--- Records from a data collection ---
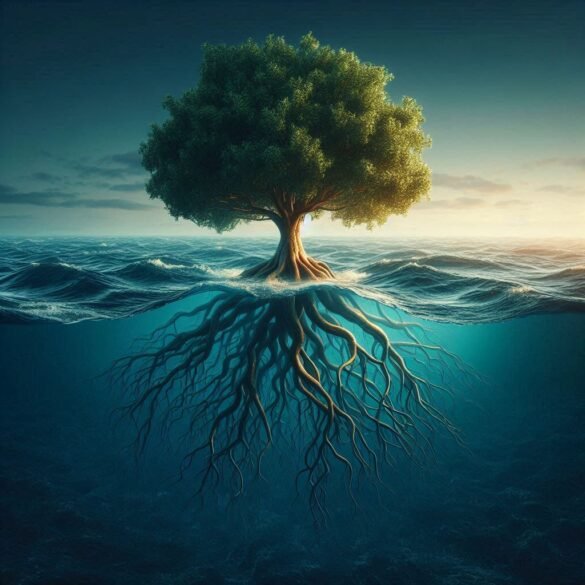É no inesperado que reside a poesia. O mar repousa, suas ondas dançam — tudo parece familiar, até que, ao fundo, surge uma árvore. Sim, uma árvore no meio do oceano. Serena. Firme. Digna. A imagem nos convida a parar, respirar e mergulhar dentro de nós mesmos.
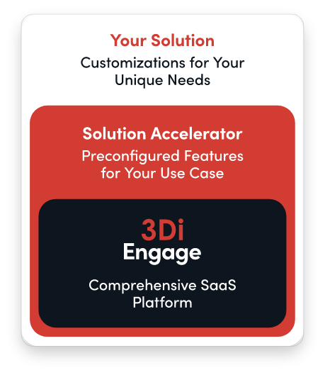 Accelerators are a preconfigured set of features on the 3Di Engage platform. They’re designed to quickly empower a specific type of use case, while leaving room for our team to customize your solution for the unique needs of your organization. Similar to custom software, your solution will feel like it was designed specifically for you. But unlike custom software, it can be deployed in a matter of weeks at a reasonable cost and is backed with a proven SaaS platform that’s highly secure, easily extensible, and simple to maintain and update.
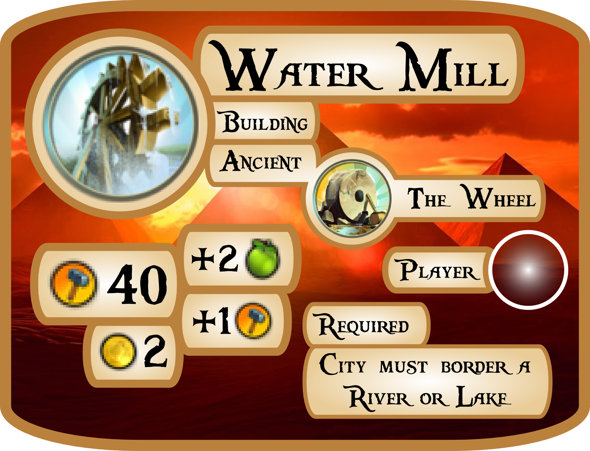 The Fan-Made Info card for the Water Mill Building (Civ5)
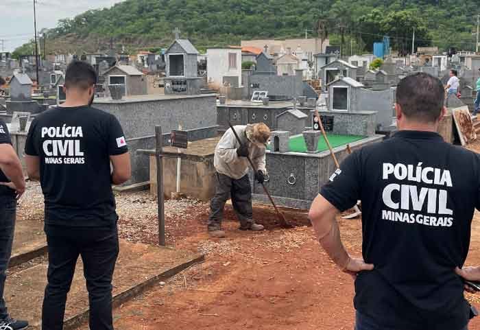 Também na operação Finados, médicos-legistas e peritos da PCMG realizaram procedimento de exumação no cemitério de Vazante, constatando a falta de diversos ossos de um cadáver.
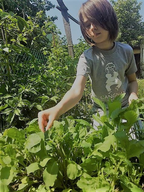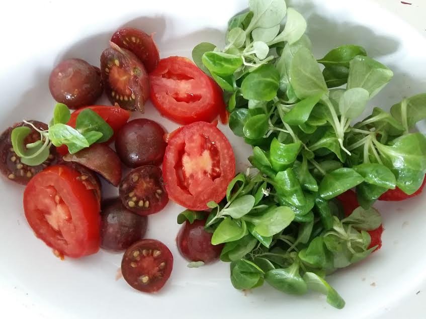 A kapor is már kidugta a fejét, az is mennyei lesz majd a salátákba, de még neki növögetni kell. Emlékeztek, írtam, hogy ültettem a virágok közé is több helyre, hogy aromáival elriassza a mohó csigákat, akik tavaly annyi gondot okoztak nekem. Idén még nem néztünk farkasszemet, de tavaly is június elején csaptak le jól szervezett seregekkel és aztán eszegették a nagy árnyékliliomjaimat és megbújtak az árnya alatt, karalábémat befalták, mire hazaértünk Koppenhágából. Pont előtte jelentek meg, rögtön erős offenzívával, látták, hogy indulunk, pláne külföldre, nem volt bennük egy csöpp megértés sem. Így hát, mikor indultunk és láttam, nagy a baj, hívtam az én drága szomszédaimat, vessék be csigaölő természetüket és mentsék meg a kertem, míg távol vagyok. Édesek voltak, felváltva megjelentek a kertemben és megtették, amit a haza kívánt. De majd most a kapor megóv ettől, ebben bízom elejitől fogva. Aztán majd elválik, de én állok elébe! Igen, ha saláta, akkor szót kell ejtenünk a csigákról. Láttam fotókat, hogy étteremben felszolgált saláta alól is kikukucskáltak. Szeretik ők is, megértem. Rajongok a salátákért. Szeretem a zöldséges tiszta, friss ízét, textúráját. Őszintén kibukik belőlem, mindent tisztán szeretek a legjobban. A tiszta ízeket, nyersen letépve eszegetem. Persze a vegyes salátákért is oda vagyok, játszom az öntetekkel, de ha tehetem, nem teszek bele mindenfélét, csak pár összetevőt. Külön öröm, hogy a fiam is szeret velem molyolni a kertben. Salátát csak hamburgerben eszik ő, illetve a rukkolát gyakrabban.

--- What you should do ---
Retype the records exactly. Any image in them should not appear in what you write.

--- Expected output ---
É no inesperado que reside a poesia. O mar repousa, suas ondas dançam — tudo parece familiar, até que, ao fundo, surge uma árvore. Sim, uma árvore no meio do oceano. Serena. Firme. Digna. A imagem nos convida a parar, respirar e mergulhar dentro de nós mesmos.
 Accelerators are a preconfigured set of features on the 3Di Engage platform. They’re designed to quickly empower a specific type of use case, while leaving room for our team to customize your solution for the unique needs of your organization. Similar to custom software, your solution will feel like it was designed specifically for you. But unlike custom software, it can be deployed in a matter of weeks at a reasonable cost and is backed with a proven SaaS platform that’s highly secure, easily extensible, and simple to maintain and update.
 The Fan-Made Info card for the Water Mill Building (Civ5)
 Também na operação Finados, médicos-legistas e peritos da PCMG realizaram procedimento de exumação no cemitério de Vazante, constatando a falta de diversos ossos de um cadáver.
 A kapor is már kidugta a fejét, az is mennyei lesz majd a salátákba, de még neki növögetni kell. Emlékeztek, írtam, hogy ültettem a virágok közé is több helyre, hogy aromáival elriassza a mohó csigákat, akik tavaly annyi gondot okoztak nekem. Idén még nem néztünk farkasszemet, de tavaly is június elején csaptak le jól szervezett seregekkel és aztán eszegették a nagy árnyékliliomjaimat és megbújtak az árnya alatt, karalábémat befalták, mire hazaértünk Koppenhágából. Pont előtte jelentek meg, rögtön erős offenzívával, látták, hogy indulunk, pláne külföldre, nem volt bennük egy csöpp megértés sem. Így hát, mikor indultunk és láttam, nagy a baj, hívtam az én drága szomszédaimat, vessék be csigaölő természetüket és mentsék meg a kertem, míg távol vagyok. Édesek voltak, felváltva megjelentek a kertemben és megtették, amit a haza kívánt. De majd most a kapor megóv ettől, ebben bízom elejitől fogva. Aztán majd elválik, de én állok elébe! Igen, ha saláta, akkor szót kell ejtenünk a csigákról. Láttam fotókat, hogy étteremben felszolgált saláta alól is kikukucskáltak. Szeretik ők is, megértem. Rajongok a salátákért. Szeretem a zöldséges tiszta, friss ízét, textúráját. Őszintén kibukik belőlem, mindent tisztán szeretek a legjobban. A tiszta ízeket, nyersen letépve eszegetem. Persze a vegyes salátákért is oda vagyok, játszom az öntetekkel, de ha tehetem, nem teszek bele mindenfélét, csak pár összetevőt. Külön öröm, hogy a fiam is szeret velem molyolni a kertben. Salátát csak hamburgerben eszik ő, illetve a rukkolát gyakrabban.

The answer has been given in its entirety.